Elisha decided that he needed to get his family out of there. He took his twin brother north to a Christian family that had been close to his grandfather and left him there. Then he returned to Mosul and took his younger brother and sister (one sister was already in hiding with his aunt) to a local Catholic family and left them there. But his mother refused to leave the house.
“About five hours later into the evening, I heard a noise outside in the street.” When Elisha went to an upstairs window, he saw that a number of government cars had surrounded the house. “Someone rang the front door bell, but I did not open the door. All of a sudden, I heard a loud crash and realized that one of the cars had slammed into our garage door.”
The Iraqi agents broke into the house, grabbed Elisha’s mother, and pulled her out to the street, where they tied her behind a car and dragged her in the street. After they were done, they brought her back to Elisha.
“She was alive but barely conscious. They untied my handcuffs and I took my mother in my arms for a few minutes and said to her, ‘I am sorry I couldn’t help you but I am here with you now.’”
A few minutes later, she died, in her son’s arms.
Prison and Escape
Elisha was taken to prison once more, where he was beaten and questioned. When he gave them no information about other Jews, they sent him to the prison northwest of Mosul known as Badush, where he was put in a cell with a Christian pastor.
Days in prison were spent in backbreaking work, usually in a quarry. Food was barely edible. And the torture and interrogations continued. Elisha describes his reaction to a water torture: “I felt like my head was going to explode. My body would feel very cold and I thought I was losing my mind. It felt like every drop weighed 100 kilos. I screamed from the pain; it was driving me insane. I just screamed and screamed.”
Elisha endured further terrible tortures. But one day they stopped. An officer who had tormented him mercilessly and had threatened him with worse was killed in a car accident, and the next officer assigned to him saw it as a fulfillment of something that Elisha had said during the torture sessions. Instead of inflicting pain on Elisha, he would make it sound like he was, and Elisha would scream, and instead nothing would happen.
“I thanked God for hearing me and saving me from more torture.”
A prison escape engineered by an Iraqi tribe angry with the government ended with all the prisoners who had escaped being recaptured and re-imprisoned. But several months later, the pastor who shared the cell with Elisha arranged that he be rescued from the prison, by bribing guards and arranging for them to bring him out of the prison and release him into the custody of others who were being paid by the pastor.
Elisha’s first attempt to escape the country almost ended in disaster. While attempting to cross into Turkey – which was the only country that was a feasible transit to Europe – from Iraq with a group of smugglers, Elisha was washed downstream, so that he ended up in Syria. It took him several months, as well as a period of internment in a refugee camp, before he was able to make it back into Iraq to once again attempt crossing the border into Turkey.
There and back again
Life as a refugee was not easy, Elisha found. His travels – undertaken with fake passports, subterfuge, and other survival techniques he improvised or learned from others – took him from Turkey to Hungary to Vienna, Austria, where he found sanctuary with a Christian couple and Chabad rabbi Dov Gruzman. Along the way he had altercations with Muslim refugees, escaped from a Hungarian refugee camp, and evaded border police on a cross-European train.
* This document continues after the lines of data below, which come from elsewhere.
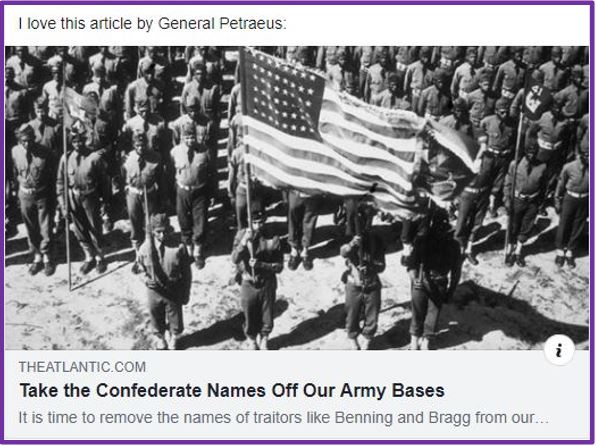 I shared with him in my comments the same sentiments I have with many others over the years: from when I joined the Army in 1998 through 18 years serving our country it always boggled my mind that we ever allowed confederate homage on any of our bases, just the same as we wouldn’t name them “Fort Hitler” or “Fort George III.” It’s always been bass ackwards, I guess better late than never that we’re finally gonna get it fixed now.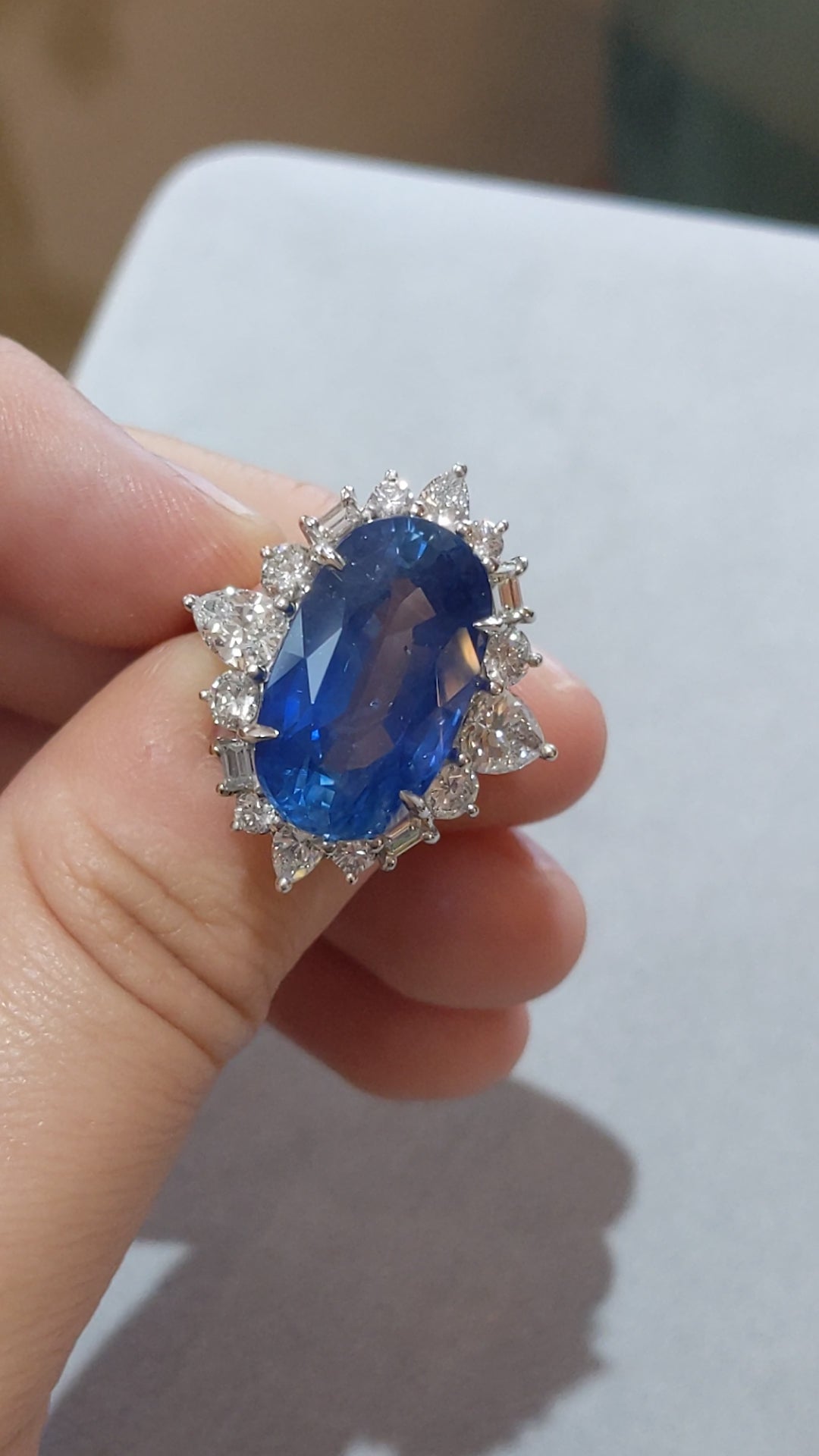 Certified Natural Oval Sapphire 19.17 ct and Diamond Ring in White Gold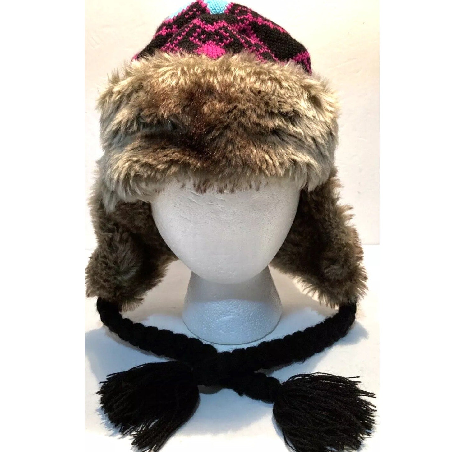 Billabong Pink Black Blue Multi-color Knit Faux Fur with Ear Flaps & Braids Trapper Hat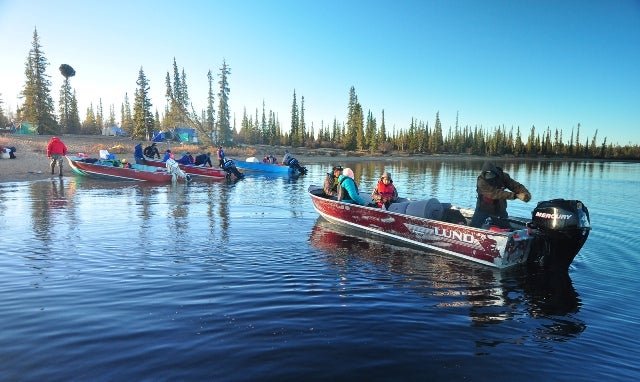 Former WRRB Board Chair Joseph Judas and Board member Jonas Lafferty setting off by boat (Photo: Paul Vecsei, Golder Associates Ltd.)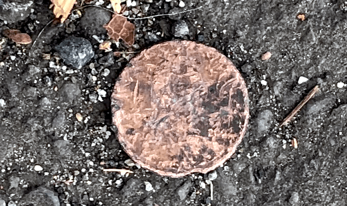 An old 1969 penny was found on Riverside drive It happens to be a “floating roof” penny which, according to this video, is worth about one cent. A newer shiny penny was on the south-bound onramp of the freeway.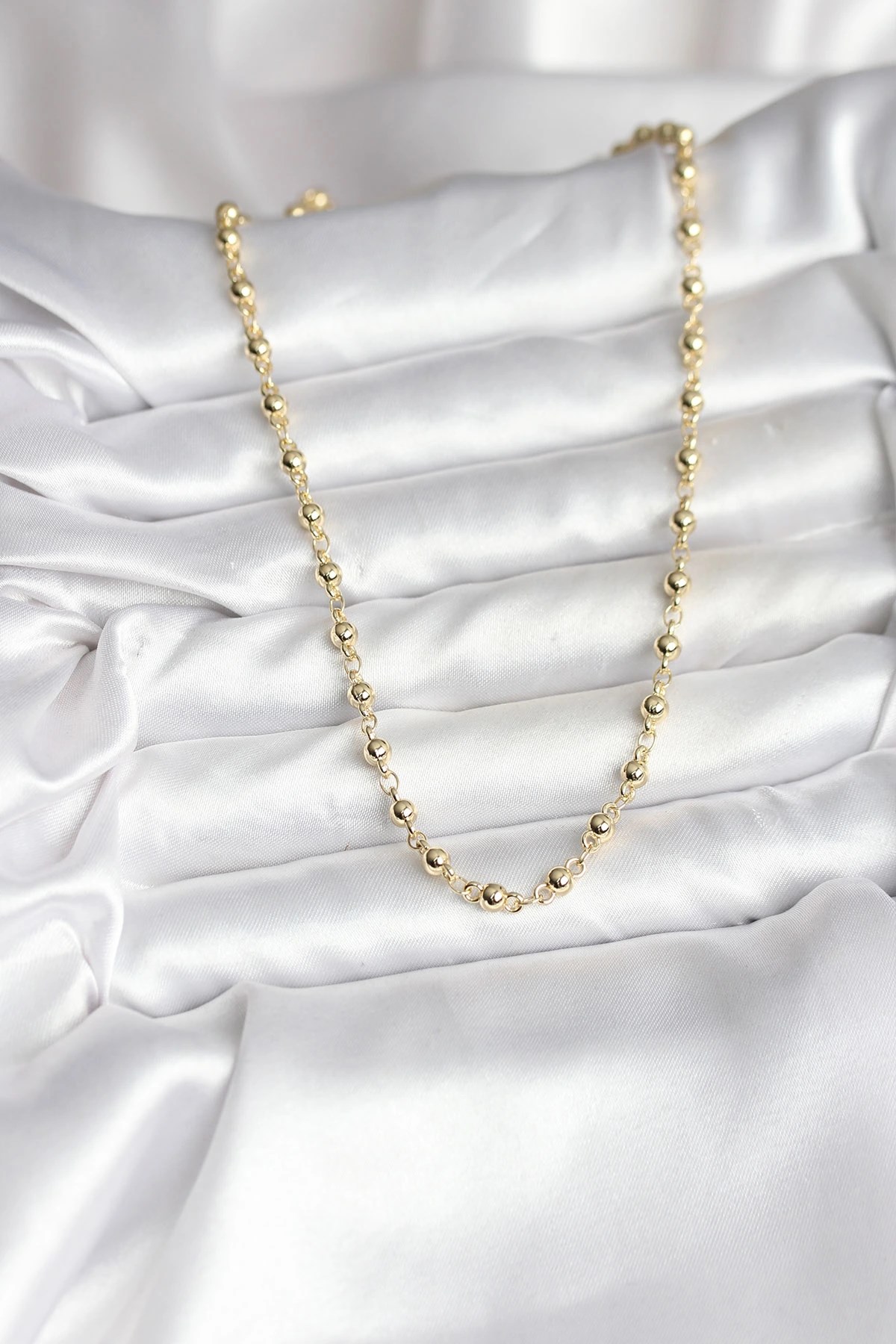 Mey İthalat® 14K Gold Renk Kaplama Topçuklu Zincir Model CM Kadın Kolye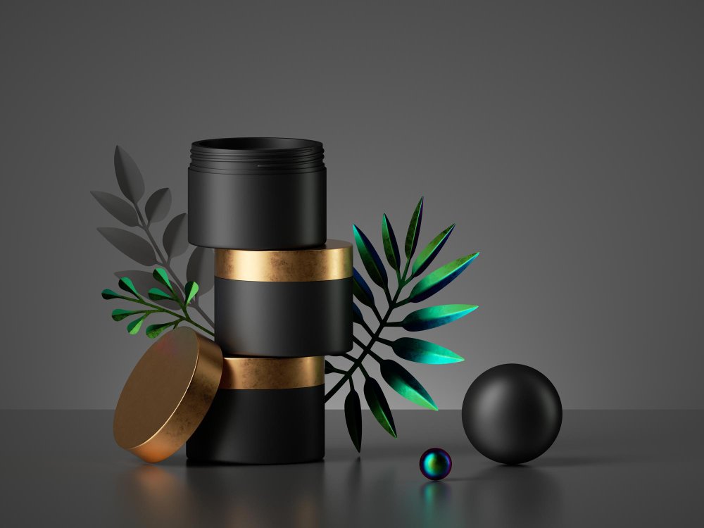 Product-style brand assets with depth and realism.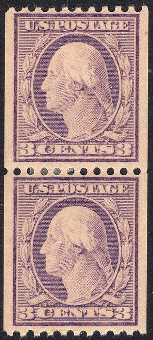 | #489 VF Hinged OG 3c WASHINGTON TYPE I COIL PAIR!! Scott #489 VF Hinged OG coil pair of Washington coil issue Type I variety on unwatermarked paper.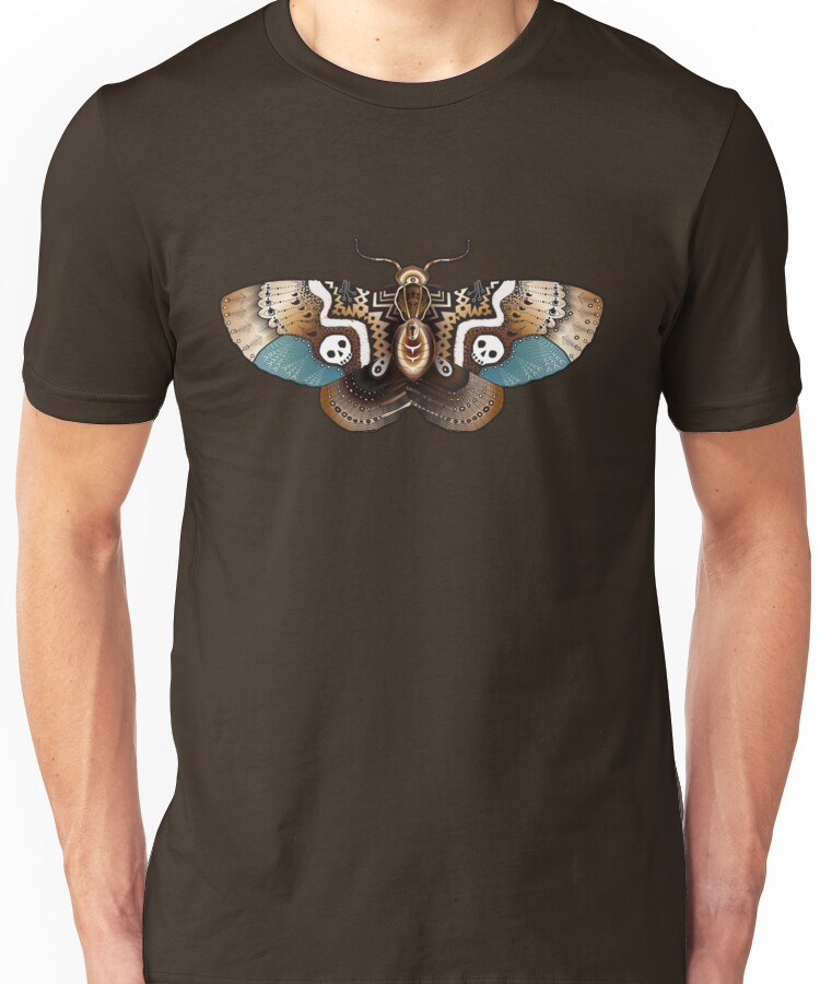 from the Artist: Unisex T-Shirt. A tiny mechanical moth, adorned with eyes and sculls .Inspired by steampunk. http://pixelmorph.com.au/word/2013/clockwork-moth/

But despite all of this, Elisha soon began thinking about how he could get back into Iraq, to rescue his siblings. He was looking for a country that he could receive papers in that would allow him better legal coverage for travel in and out of Iraq.
After an abortive attempt in Germany, Elisha decided to try Australia. He flew to the continent using a fake passport, then destroyed it enroute and declared that he had no passport and had come directly from Iraq.
With the help of the Jewish community, including contacts given to him by Rabbi Gruzman, Elisha was allowed to stay in a detention area in Pert, where there was a Jewish community. Elisha was eventually granted residency in Australia.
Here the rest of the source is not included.